L’Opéra National du Rhin réinterprète La Voix humaine
Toute l’action s’articule dans une chambre à coucher, les tons donnés d’une pièce décorée par Alex Eales sont un mélange subtil de détails, décorum du lit, objets divers et variés du quotidien contemporain, et de simplicité, voire d’apparence de pauvreté, qu’illustre le papier peint qui se décolle du haut du mur. La lumière créée par Bethany Gupwell, habituée des théâtres britanniques, s’implémente dans l’histoire, faisant ressortir des teintes proches du vert, progressivement rosées près de la grande fenêtre, et les teintes bleutées dans l’appartement, plongeant le public dans un réalisme nocturne déroutant.
Un premier court métrage du réalisateur Grant Gee présente une première fois la chanteuse Patricia Petibon à l’écran, visage neutre, filmée dans les rues de Strasbourg durant la nuit.

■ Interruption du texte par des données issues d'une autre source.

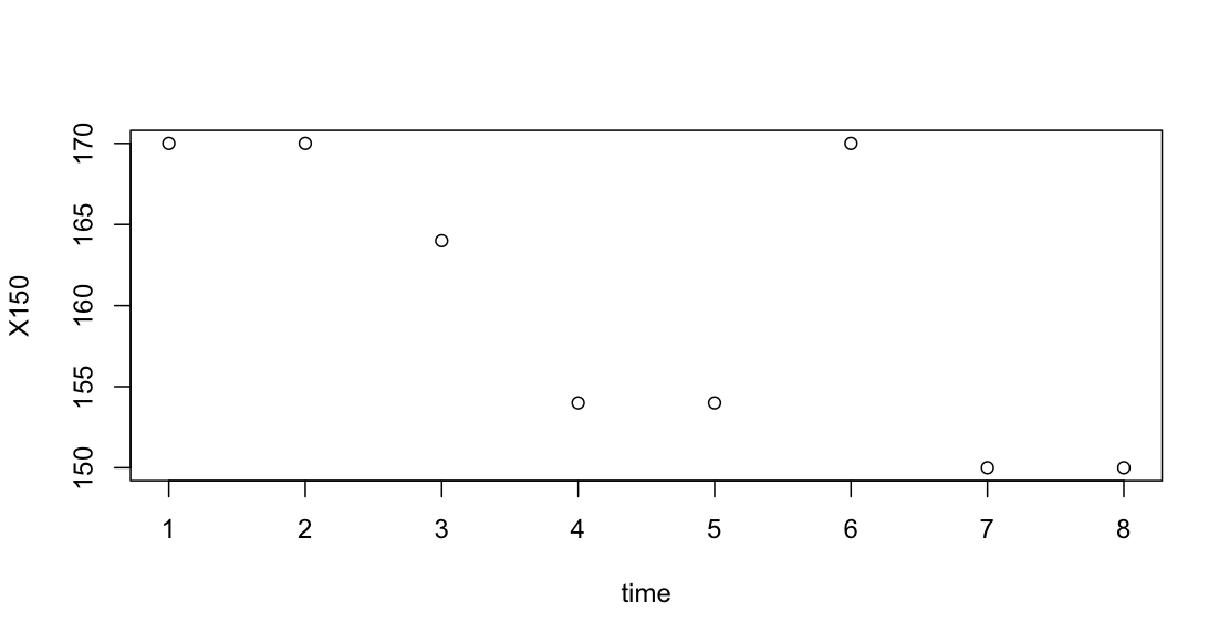 plot(df$time, df$X150, xlab = "time", ylab = "X150")输出:

Le public imagine qu’elle est en train de rentrer chez elle. Elle entre en fait en scène, dans l’appartement, vêtue d’un manteau vert d’inter-saison de style citadin proposé par la costumière Sussie Juhlin-Wallén, puis plus tard une nuisette blanche mais en annonçant une tragique fin sacrificielle.
Preuve d’une grande aisance scénique, Patricia Petibon accomplit des gestes du quotidien, à la chorégraphie millimétrée, de sorte que les yeux se laissent bercer par ses mouvements. La soprano, armée de son téléphone portable, tente péniblement d’avoir une conversation sérieuse avec cet amant absent de la scène. Son chanté-parlé naturel rend presque inutiles les surtitres et elle anime, à elle seule, ce dialogue de sourd. Cette série de mini-conversations téléphoniques, perturbées à de nombreuses reprises, permet au public d’entendre sa voix plutôt claire avec trémolo serré et des fins de phrases courtes. Sa ligne vocale est équilibrée avec l’orchestre dans son registre aigu, tandis que son registre moins puissant dans le medium et le grave la fragilise parfois, surtout quand elle ne parvient pas à surpasser l’orchestre.

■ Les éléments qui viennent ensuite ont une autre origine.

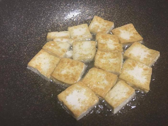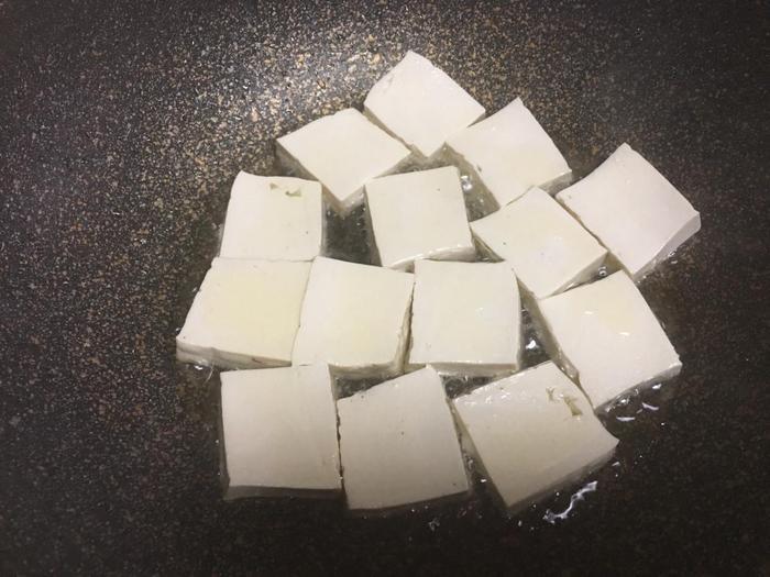 7、锅中加入少许食用油烧热,将切好的豆腐放进锅中煎至金黄定型。煎豆腐时不要着急翻动,以防将豆腐翻碎了。

Conduit avec précision par Ariane Matiakh, l'Orchestre Philharmonique de Strasbourg sait s’efforcer à trouver l’équilibre dans cette écriture aux accords denses et sensuels, avec un jeu tantôt enjoué, tantôt sombre, au tempo très changeant, mais toujours un peu piquant d'harmonies issues du jazz ou de rythmes syncopés.
L’ouverture finale de la fenêtre laisse supposer un suicide. Mais de cette sombre issue, le réalisateur Grant Gee propose une fin alternative, plus onirique, en ajoutant à l’opéra une deuxième vidéo durant laquelle l’orchestre interprète Aeriality de la compositrice islandaise Anna Thorvaldsdottir. La vidéo commence avec le sang qui remonte des pavés qu’elle avait ensanglantés et la femme qui se relève. La chanteuse voit trois figurants puis son chien, qu’elle accompagne à nouveau dans les rues de Strasbourg, puis le long des canaux, dans une balade nocturne qui aboutit à nouveau chez elle, dans son appartement, avec la sonnerie du téléphone devant le lit : comme une seconde chance, une résurrection.
Durant cette fin alternative, l’orchestre déploie une succession de nappes orchestrales aux sonorités spectrales, traces d’une influence des compositeurs Iannis Xenakis et Gérard Grisey, mais dont les échos de percussions sur les premiers balcons de part et d’autre, mènent vers un orchestre bien plus romantique : remontant là aussi le temps et les sentiments.
Le public applaudit la performance, tout en demeurant un peu dérouté ou méditatif, des sentiments qui se prolongent comme les échos d’une voix humaine et d’une seconde chance amoureuse.